(Data items)
###
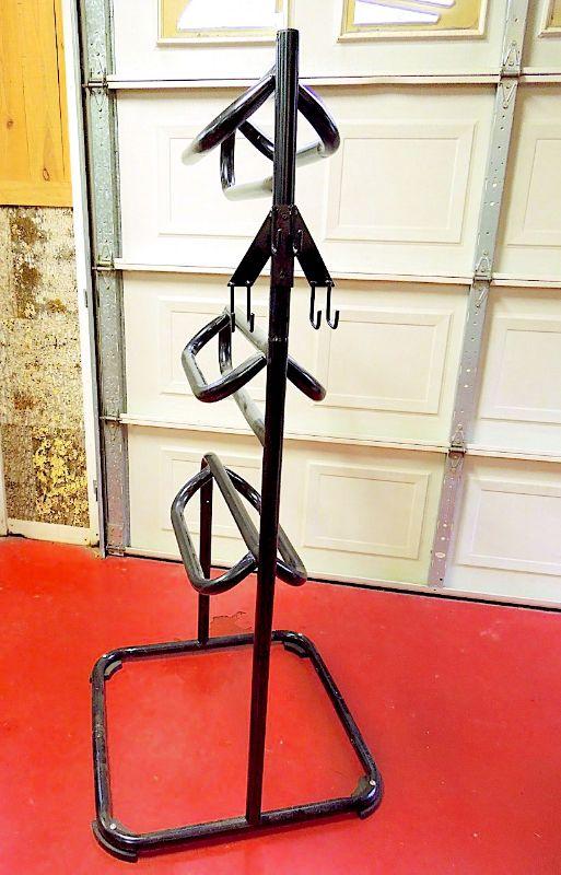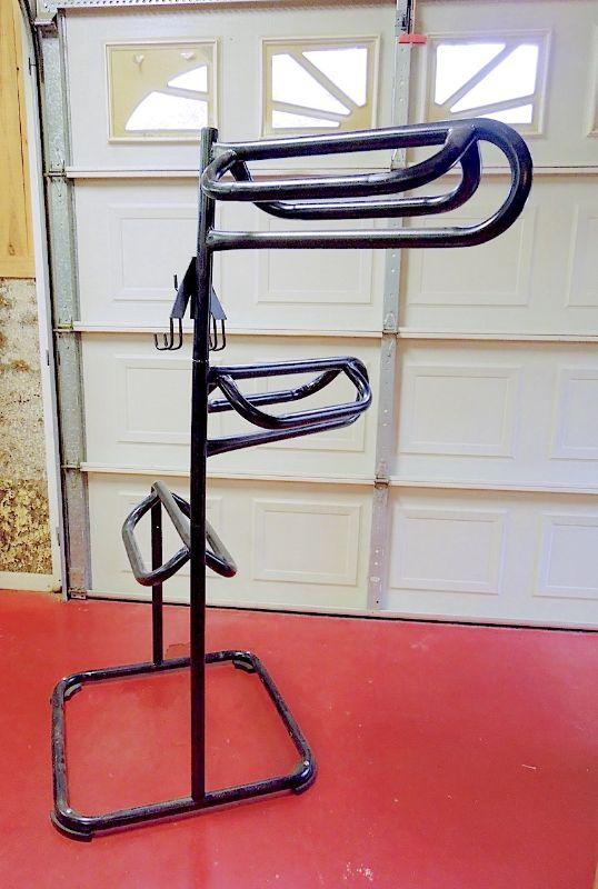 70" h. Base is 29" x 30". Heavy duty 1-1/2" tubular frame that comes coated with a black glossy finish. has three hooks for hanging tack. Each tier rotates for easy access. Padded feet. In very good condition with little evidence of use.
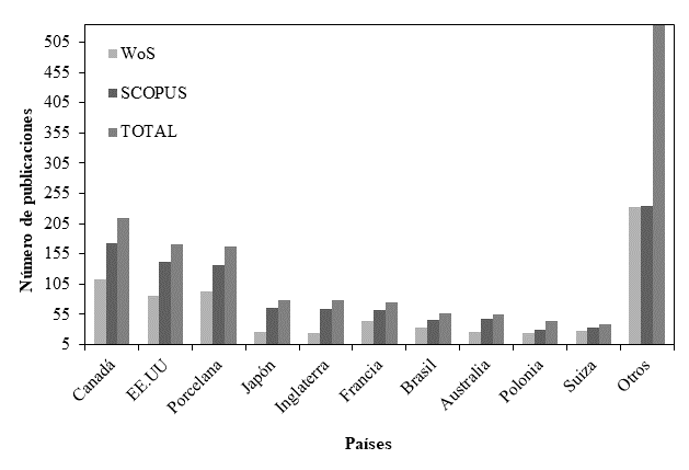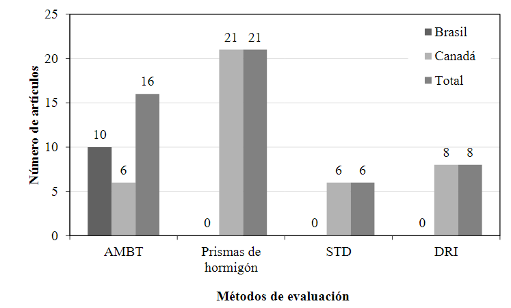 Se encontró un total de 727 registros sobre RAA en la base de datos de WoS, siendo 113 de estas publicaciones canadienses y 33 brasileñas. En la base de datos Scopus se obtuvieron 1096 registros, donde Canadá aportó con 173 publicaciones y Brasil con 46. En general, con base en la información obtenida, parece que Canadá es el país que más aporta a los estudios relacionados con RAA, representando cerca del 22% del total, mientras que Brasil representa el 5,7%. Así, el número de estudios publicados sobre " Alkali-aggregate reaction" en Canadá es casi cuatro veces mayor que en Brasil.
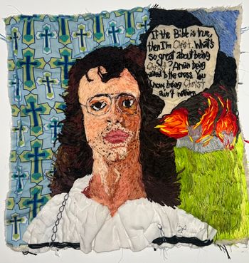 Bill Arning Exhibitions presents a two-artist booth featuring Jean-Paul Mallozzi and Alexandria Deters, under the title Secrets—Censored/Hidden/Revealed.
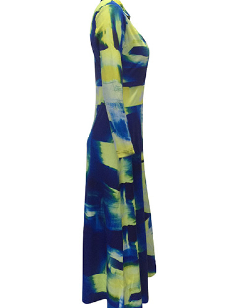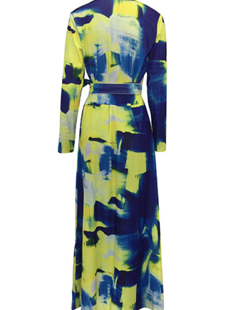 Euramerican V Neck Long Sleeves Graffiti Printing Healthy Fabric Floor length Dress
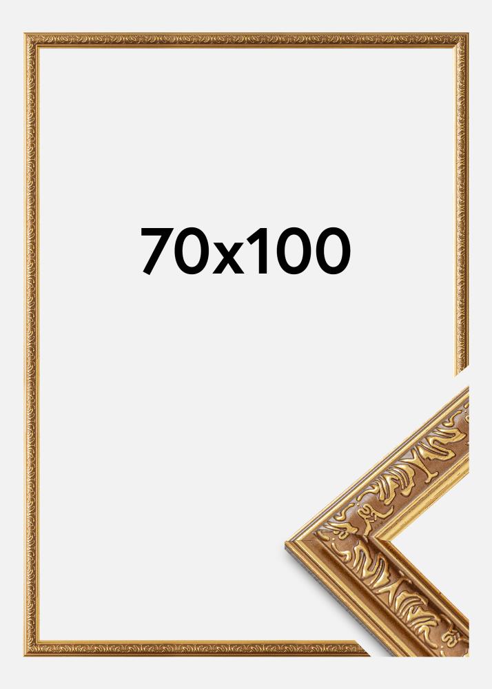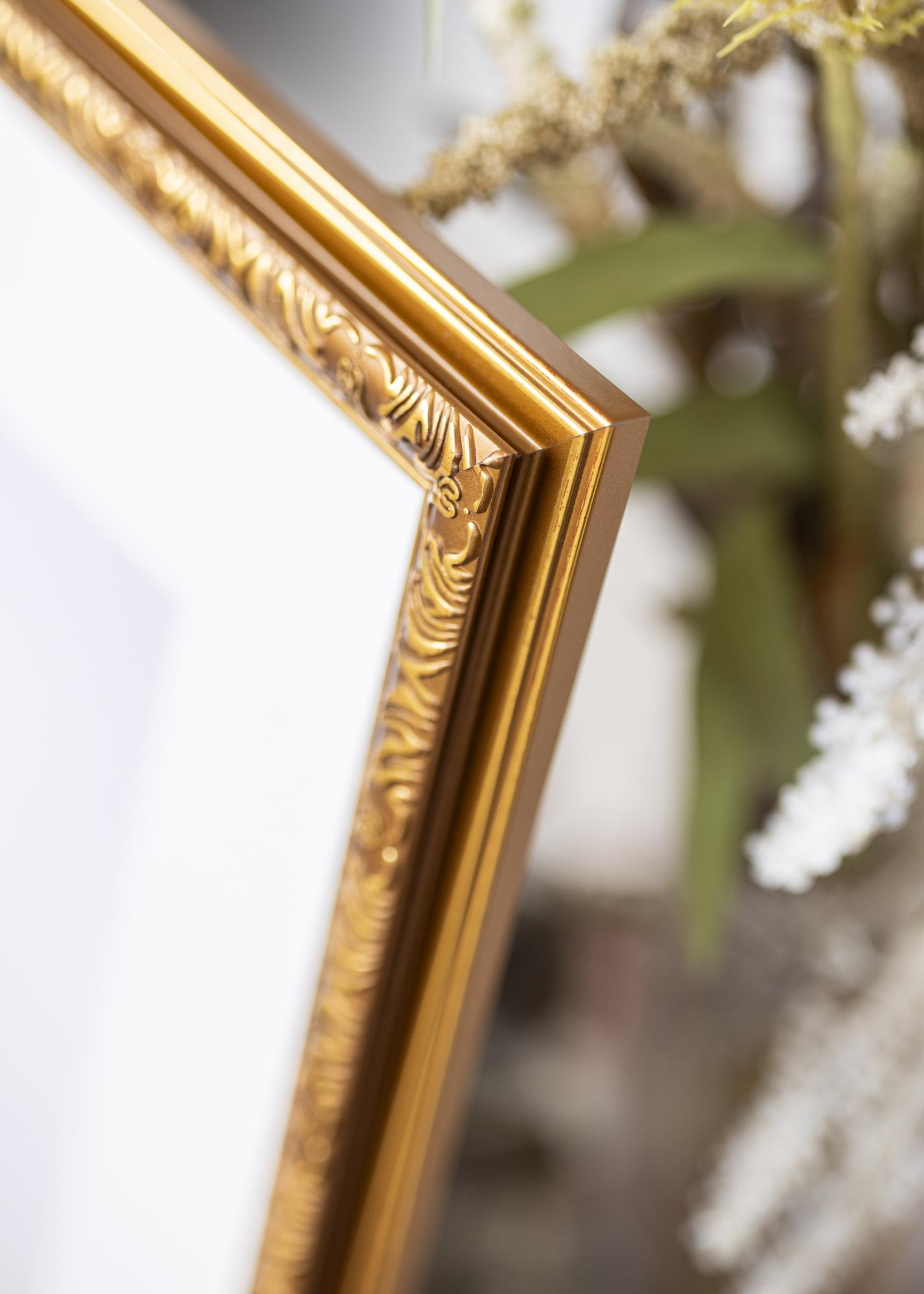 Ta okvir za fotografije v velikosti 70x100 cm je popolna kombinacija klasičnega dizajna in moderne funkcionalnosti. S svojo luksuzno zlato obdelavo in dekorativnimi, okrašenimi podrobnostmi, daje prefinjen pridih vašim umetninam ali fotografijam. Zapleteni vzorci vzdolž notranjega roba okvirja ustvarjajo tradicionalen in brezčasen občutek, zaradi česar je idealen za klasične in elegantne notranje sloge.
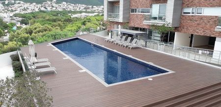 El departamento se encuentra en el piso 8 y tiene cocina equipada con estufa y campana y cubierta de Corian, mueble de alacena, sala – comedor con salida a balcón con linda vista a la alberca y a la cd de Monterrey.
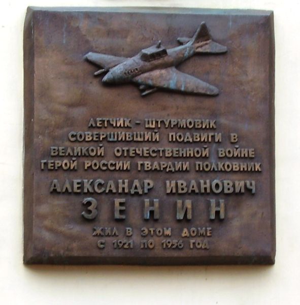 Зенин Александр Иванович - в годы Великой Отечественной войны командир звена 131-го гвардейского Будапештского ордена Суворова штурмового авиационного полка 7-й гвардейской Дебреценской Краснознаменной штурмовой авиационной дивизии 3-го гвардейского Смоленско-Будапештского Краснознаменного штурмового авиационного корпуса 5-й воздушной армии 2-го Украинского фронта, полковник авиации в отставке.
###
What to work on: Nothing but the lines from the start of the records above through the line with "Se encontró un" should be retyped, each exactly as written; leave out all pictures.

Response for this exercise:
 70" h. Base is 29" x 30". Heavy duty 1-1/2" tubular frame that comes coated with a black glossy finish. has three hooks for hanging tack. Each tier rotates for easy access. Padded feet. In very good condition with little evidence of use.
 Se encontró un total de 727 registros sobre RAA en la base de datos de WoS, siendo 113 de estas publicaciones canadienses y 33 brasileñas. En la base de datos Scopus se obtuvieron 1096 registros, donde Canadá aportó con 173 publicaciones y Brasil con 46. En general, con base en la información obtenida, parece que Canadá es el país que más aporta a los estudios relacionados con RAA, representando cerca del 22% del total, mientras que Brasil representa el 5,7%. Así, el número de estudios publicados sobre " Alkali-aggregate reaction" en Canadá es casi cuatro veces mayor que en Brasil.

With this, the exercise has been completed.